Minimum mean squared error techniques can be used to solve for the
filter coefficients such as Wiener filtering methods and matrix
inversion techniques, where auto-correlation and cross-correlation
is computed based on the BL and FR data. Note that the designed
filters are upsampling filters as opposed to filters which are
designed after the BL has been upsampled, e.g. by using some
filters with fixed filtering coefficients. The filter(s) can be
derived based on current or previously decoded data. In minimizing
the error between the upsampled BL and FR, the designed filter(s)
will implicitly have the appropriate phase offset(s).
[0042] The specified or derived filter coefficients used in the
upsampling of FIG. 4 can be transmitted in the EL, or a difference
between the coefficients and a specified (or predicted) set of
coefficients can be transmitted to enable filter selection. With
adaptive phase shift filtering in FIG. 4, the set of phases for
which the p filters h[n;p] represent need not be uniformly spaced.

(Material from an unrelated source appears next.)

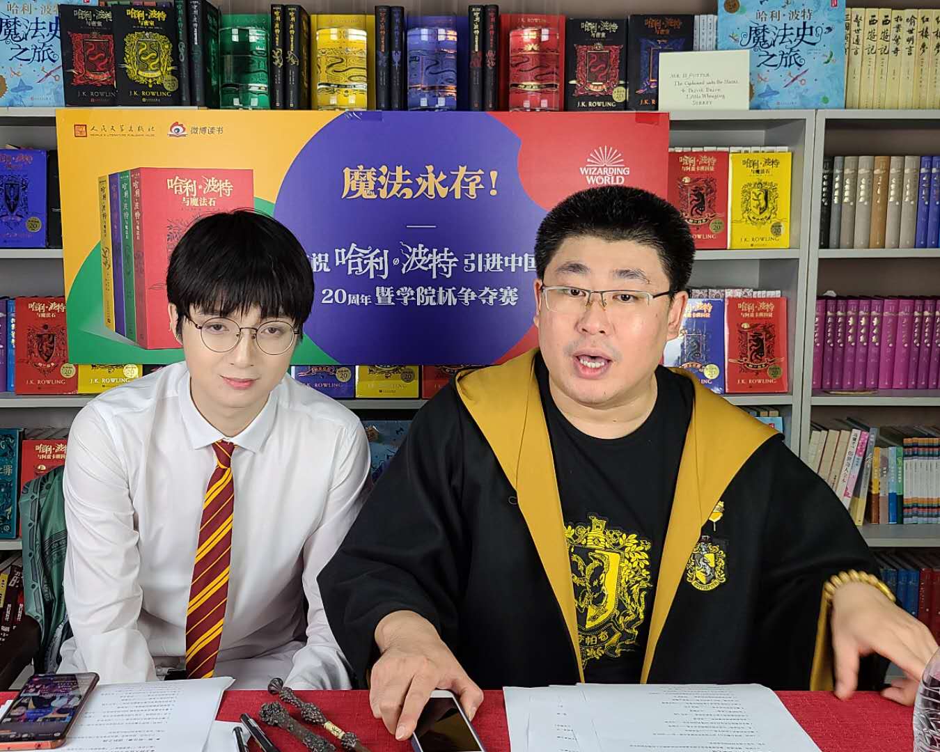 7月31日,即哈利?波特與該系列小說作者J.K.羅琳生日當天,由人民文學出版社聯(lián)合網(wǎng)易舉辦的“魔法永存——慶祝‘哈利?波特’引進中國20周年暨學院杯爭奪賽”活動通過微博平臺舉行,在線觀看“哈迷”超過90萬。中國出版?zhèn)髅焦煞萦邢薰径?、總?jīng)理李巖和人民文學出版社社長臧永清分別致辭,“哈利?波特”系列圖書的責任編輯王瑞琴、馬博和譯者馬愛農(nóng)與數(shù)十萬“哈迷”親密互動,分享20年間讀書感悟?;顒佑汕嗄暝u書演員郭鶴鳴主持。

The coefficient transmission can be made at some unit level (e.g.
sequence parameter set (SPS), picture parameter set (PPS), slice,
largest coding unit (LCU), coding unit (CU), prediction unit (PU),
etc.) and per color component. Furthermore several sets of filters
can be signaled per sequence, picture or slice and the selection of
which set to be used for re-sampling can be signaled at finer
levels, for example at picture, slice, LCU, CU or PU level.
[0043] FIG. 9 shows one particular implementation of the resampling
process shown in FIG. 3, which may be performed in a decoder or
encoder. This process may be applied to each color component in the
video. For the purposes of the following discussion the set of P
filters, which had previously been denoted as h[n, p] will now be
denoted as the set of filters h_p(n). As will be seen below, this
change of notation better distinguishes between a one-dimensional
resampling filter such as h_p(n) and a two-dimensional resampling
filter h_p(n1, n2)
[0044] Referring now to FIG. 9, for a selected output point y'(m)
in the full resolution video data y with output index m=m_o, a
filter h_p(n) is selected. This filter h_p(n) is then applied to
the selected input samples in x(n) to determine the output value
y'(m), where m=m_o. The selected input samples can be determined
based on the index m_o and filter h_i(n), and the filtering
operation may consist of an inner product operation between the
input samples and the filter coefficients. That is, the input
samples x(n), and the appropriate filter h_p(n), are chosen based
on the selected output value y'(m) that is to be calculated.
[0045] Accordingly, in FIG. 9 the process begins at block 410 where
the output index m.sub.--0 is first selected. Next, at block 420
the appropriate resampling filter is selected and at block 430 the
resampling filter is applied to the input sample x(n) to determine
the output sample y'(m_o).
[0046] Although the process of FIG. 9 has been described in terms
of a one-dimensional process, the extension to multiple dimensions
is straightforward. For example, in two-dimensions, an output point
y(m1_o, m2_o) can be selected, and a filter h_p(n1, n2) chosen. The
filter is then applied to the selected input samples x(n1, n2) to
determine the output value y(m1_o, m2_o). For two-dimensional
filters, the filter may be non-separable or separable; in the
separable case, the filters can be implemented as two
one-dimensional filters.
[0047] In one embodiment, the set of filters h_p(n) depends on the
characteristics of the data, for example, the BL and FR data as
described above. In another embodiment, the number of filters in
the set can be determined based on the re-sampling ratio, such as
determined by the input and output resolutions. For example, in
upsampling by a factor of 2, the set may consist of two filters,
one with a zero phase offset and another with a 1/2 phase offset.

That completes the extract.